Watch for Coal India to announce additional floating solar tenders across subsidiaries including South Eastern Coalfields Limited (SECL) and Mahanadi Coalfields Limited (MCL), where larger water bodies offer multi-MW development potential. UPNEDA's pipeline for Uttar Pradesh floating solar will also be worth tracking as the state pushes toward its own 22 GW renewable target by 2026–27. The Gorakhpur award is a data point — but the trend it represents is a structural one.
Key Facts
- —Coal India's Chilwa Taal floating solar project is sized at 20 MW, located in Gorakhpur, Uttar Pradesh
- —CIL has committed approximately ₹5,000 crore toward renewable energy projects across its subsidiaries, targeting 3,000 MW by 2025–26
- —India's installed floating solar capacity exceeds 500 MW with a national informal target of 10 GW by 2030 under MNRE guidelines
Frequently Asked Questions
What is the Coal India floating solar project at Chilwa Taal?

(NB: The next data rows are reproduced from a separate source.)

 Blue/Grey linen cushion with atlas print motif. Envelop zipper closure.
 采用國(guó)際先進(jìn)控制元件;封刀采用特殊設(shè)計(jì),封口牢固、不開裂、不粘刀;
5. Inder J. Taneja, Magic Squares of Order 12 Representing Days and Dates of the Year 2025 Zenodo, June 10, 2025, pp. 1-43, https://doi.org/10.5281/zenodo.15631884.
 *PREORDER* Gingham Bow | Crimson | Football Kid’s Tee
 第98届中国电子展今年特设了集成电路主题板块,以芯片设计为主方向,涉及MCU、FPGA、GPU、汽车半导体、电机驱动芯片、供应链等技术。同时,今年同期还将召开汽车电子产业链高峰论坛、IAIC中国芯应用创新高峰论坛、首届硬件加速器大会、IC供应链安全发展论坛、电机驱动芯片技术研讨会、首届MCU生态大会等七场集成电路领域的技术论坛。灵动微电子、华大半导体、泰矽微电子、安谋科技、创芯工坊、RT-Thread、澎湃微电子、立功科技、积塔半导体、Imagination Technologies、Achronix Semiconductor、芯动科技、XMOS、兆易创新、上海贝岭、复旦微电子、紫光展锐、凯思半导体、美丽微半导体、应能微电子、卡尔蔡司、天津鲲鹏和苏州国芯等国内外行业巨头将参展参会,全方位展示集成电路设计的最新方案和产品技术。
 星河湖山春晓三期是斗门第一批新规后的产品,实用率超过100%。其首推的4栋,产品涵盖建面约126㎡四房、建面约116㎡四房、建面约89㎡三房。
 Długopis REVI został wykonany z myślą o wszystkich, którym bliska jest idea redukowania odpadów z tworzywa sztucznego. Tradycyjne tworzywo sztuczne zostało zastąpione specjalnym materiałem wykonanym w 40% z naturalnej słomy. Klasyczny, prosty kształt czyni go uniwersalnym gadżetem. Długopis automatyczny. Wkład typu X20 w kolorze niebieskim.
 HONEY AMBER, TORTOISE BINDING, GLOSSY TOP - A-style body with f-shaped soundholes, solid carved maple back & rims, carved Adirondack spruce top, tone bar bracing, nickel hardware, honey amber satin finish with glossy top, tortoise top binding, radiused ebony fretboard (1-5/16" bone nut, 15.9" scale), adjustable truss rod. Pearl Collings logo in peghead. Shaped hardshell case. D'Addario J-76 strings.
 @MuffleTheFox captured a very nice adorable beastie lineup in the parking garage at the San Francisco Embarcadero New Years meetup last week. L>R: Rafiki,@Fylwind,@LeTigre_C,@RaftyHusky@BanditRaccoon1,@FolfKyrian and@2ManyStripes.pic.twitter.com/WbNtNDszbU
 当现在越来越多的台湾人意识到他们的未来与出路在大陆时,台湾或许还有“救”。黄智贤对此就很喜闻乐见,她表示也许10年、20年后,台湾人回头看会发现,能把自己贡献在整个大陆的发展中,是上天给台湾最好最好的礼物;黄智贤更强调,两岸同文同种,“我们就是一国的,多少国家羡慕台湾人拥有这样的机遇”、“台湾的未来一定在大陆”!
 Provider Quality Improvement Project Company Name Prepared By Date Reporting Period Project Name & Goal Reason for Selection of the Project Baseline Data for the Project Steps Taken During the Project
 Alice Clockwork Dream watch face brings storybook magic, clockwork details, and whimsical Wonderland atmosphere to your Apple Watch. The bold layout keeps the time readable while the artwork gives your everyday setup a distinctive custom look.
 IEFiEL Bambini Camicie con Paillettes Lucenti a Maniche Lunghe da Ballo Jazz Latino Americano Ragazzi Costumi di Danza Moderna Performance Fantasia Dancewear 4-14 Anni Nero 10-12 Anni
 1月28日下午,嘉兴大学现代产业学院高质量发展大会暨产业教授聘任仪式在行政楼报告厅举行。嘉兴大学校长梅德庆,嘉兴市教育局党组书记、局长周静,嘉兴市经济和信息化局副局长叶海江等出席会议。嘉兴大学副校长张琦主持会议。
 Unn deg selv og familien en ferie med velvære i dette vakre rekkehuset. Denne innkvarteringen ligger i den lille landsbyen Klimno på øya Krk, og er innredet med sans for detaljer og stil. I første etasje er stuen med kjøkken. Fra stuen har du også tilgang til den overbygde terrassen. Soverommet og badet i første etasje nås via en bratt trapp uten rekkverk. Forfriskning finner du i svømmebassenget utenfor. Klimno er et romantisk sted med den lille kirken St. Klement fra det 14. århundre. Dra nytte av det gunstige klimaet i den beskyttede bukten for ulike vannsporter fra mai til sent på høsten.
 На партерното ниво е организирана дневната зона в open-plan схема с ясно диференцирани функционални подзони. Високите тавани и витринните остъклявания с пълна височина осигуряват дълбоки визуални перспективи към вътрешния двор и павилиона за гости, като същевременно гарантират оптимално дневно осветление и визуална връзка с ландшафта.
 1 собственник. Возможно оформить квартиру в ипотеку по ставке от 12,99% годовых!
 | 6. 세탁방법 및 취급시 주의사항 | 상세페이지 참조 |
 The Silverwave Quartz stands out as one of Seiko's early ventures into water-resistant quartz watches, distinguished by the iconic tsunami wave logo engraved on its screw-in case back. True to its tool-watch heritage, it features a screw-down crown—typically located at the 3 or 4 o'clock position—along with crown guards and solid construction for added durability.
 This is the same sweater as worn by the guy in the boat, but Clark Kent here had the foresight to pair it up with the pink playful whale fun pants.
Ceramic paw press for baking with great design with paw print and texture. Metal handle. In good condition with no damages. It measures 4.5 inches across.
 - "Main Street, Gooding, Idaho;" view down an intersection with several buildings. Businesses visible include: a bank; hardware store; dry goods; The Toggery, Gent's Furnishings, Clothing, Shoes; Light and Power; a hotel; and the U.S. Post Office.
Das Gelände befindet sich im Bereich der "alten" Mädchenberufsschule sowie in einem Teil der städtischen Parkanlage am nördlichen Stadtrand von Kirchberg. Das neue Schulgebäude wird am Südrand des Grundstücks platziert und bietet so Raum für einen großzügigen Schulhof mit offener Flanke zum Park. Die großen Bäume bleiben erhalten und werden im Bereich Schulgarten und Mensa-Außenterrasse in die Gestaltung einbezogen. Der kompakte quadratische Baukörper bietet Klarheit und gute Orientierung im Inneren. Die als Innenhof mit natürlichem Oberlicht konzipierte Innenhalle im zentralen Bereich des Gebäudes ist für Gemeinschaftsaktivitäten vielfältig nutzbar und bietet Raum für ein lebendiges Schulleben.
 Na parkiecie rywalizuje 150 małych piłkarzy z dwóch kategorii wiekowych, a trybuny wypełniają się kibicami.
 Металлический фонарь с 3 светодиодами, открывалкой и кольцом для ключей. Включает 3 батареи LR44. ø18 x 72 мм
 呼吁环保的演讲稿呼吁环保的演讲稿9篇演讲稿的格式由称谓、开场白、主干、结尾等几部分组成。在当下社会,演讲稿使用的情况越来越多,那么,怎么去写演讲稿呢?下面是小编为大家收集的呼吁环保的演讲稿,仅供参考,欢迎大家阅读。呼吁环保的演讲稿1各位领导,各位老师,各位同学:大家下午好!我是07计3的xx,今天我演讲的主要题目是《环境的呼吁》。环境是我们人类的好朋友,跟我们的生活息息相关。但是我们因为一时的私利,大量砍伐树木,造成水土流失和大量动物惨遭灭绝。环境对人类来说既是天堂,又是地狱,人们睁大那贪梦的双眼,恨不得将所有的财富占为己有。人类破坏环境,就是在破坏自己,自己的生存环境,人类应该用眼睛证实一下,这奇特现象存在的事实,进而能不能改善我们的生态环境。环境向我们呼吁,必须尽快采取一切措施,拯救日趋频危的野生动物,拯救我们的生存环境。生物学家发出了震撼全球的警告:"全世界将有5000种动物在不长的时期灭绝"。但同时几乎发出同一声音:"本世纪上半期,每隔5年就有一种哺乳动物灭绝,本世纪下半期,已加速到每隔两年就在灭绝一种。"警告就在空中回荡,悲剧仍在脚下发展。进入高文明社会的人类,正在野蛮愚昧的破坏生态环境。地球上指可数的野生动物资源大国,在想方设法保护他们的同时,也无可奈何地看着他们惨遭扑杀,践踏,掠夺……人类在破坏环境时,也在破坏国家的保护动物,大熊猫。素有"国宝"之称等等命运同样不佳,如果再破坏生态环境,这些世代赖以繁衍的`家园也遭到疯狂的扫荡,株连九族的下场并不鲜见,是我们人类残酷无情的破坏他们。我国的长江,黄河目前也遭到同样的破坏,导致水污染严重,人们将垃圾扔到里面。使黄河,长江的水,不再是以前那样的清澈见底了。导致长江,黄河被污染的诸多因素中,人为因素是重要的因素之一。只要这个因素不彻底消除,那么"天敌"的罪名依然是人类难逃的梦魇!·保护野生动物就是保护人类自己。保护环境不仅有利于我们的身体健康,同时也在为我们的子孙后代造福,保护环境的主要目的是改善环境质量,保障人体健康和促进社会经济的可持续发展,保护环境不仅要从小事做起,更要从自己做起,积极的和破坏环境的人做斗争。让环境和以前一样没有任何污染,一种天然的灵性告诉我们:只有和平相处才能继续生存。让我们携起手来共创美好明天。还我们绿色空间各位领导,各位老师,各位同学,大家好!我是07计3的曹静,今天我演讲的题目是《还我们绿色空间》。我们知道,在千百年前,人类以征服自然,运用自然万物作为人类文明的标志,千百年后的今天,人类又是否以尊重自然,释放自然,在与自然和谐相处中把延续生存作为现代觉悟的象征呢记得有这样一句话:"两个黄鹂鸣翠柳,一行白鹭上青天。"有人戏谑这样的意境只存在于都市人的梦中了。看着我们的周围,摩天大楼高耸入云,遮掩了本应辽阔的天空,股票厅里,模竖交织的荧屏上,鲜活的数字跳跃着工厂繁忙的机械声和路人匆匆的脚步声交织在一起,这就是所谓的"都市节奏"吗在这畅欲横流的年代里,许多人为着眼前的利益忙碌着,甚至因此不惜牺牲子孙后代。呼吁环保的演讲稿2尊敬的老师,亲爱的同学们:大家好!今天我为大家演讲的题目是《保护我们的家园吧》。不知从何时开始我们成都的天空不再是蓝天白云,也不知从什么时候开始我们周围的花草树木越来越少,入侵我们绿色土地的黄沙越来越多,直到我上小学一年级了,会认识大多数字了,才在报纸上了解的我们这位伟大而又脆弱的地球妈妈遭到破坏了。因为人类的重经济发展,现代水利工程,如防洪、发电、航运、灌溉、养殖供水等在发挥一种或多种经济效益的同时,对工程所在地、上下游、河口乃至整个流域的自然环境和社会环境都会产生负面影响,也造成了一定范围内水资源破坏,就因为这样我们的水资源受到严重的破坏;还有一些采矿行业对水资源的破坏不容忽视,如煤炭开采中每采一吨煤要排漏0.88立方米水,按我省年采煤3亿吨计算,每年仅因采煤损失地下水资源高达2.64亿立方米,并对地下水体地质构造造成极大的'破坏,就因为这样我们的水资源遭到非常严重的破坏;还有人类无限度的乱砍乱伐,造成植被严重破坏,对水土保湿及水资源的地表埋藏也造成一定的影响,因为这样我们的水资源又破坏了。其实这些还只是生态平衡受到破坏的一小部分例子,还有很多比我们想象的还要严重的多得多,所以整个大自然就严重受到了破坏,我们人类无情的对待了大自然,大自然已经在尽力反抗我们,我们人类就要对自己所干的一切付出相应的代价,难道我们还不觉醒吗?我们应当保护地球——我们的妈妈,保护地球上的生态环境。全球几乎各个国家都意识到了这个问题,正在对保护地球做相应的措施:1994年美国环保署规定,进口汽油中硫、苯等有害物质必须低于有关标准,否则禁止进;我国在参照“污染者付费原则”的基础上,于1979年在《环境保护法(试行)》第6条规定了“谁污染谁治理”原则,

Coal India has awarded a 20 MW floating solar project to be built on Chilwa Taal reservoir in Gorakhpur, Uttar Pradesh. The project will generate an estimated 30–32 million units of clean electricity annually and is part of CIL's plan to develop 3,000 MW of renewable capacity.
How much floating solar capacity does India have in 2025?
India's installed floating solar capacity crossed 500 MW as of 2025, with major projects at Kayamkulam in Kerala, Ramagundam in Telangana, Omkareshwar in Madhya Pradesh, and Rihand in Uttar Pradesh. MNRE has set an informal 10 GW floating solar target by 2030.
Why is Coal India investing in solar energy?
Coal India is investing in solar energy to reduce grid power costs, meet renewable purchase obligations, and respond to MNRE clean energy mandates. CIL has committed ₹5,000 crore to renewable projects and aims for 3,000 MW of renewable capacity across subsidiaries by 2025–26.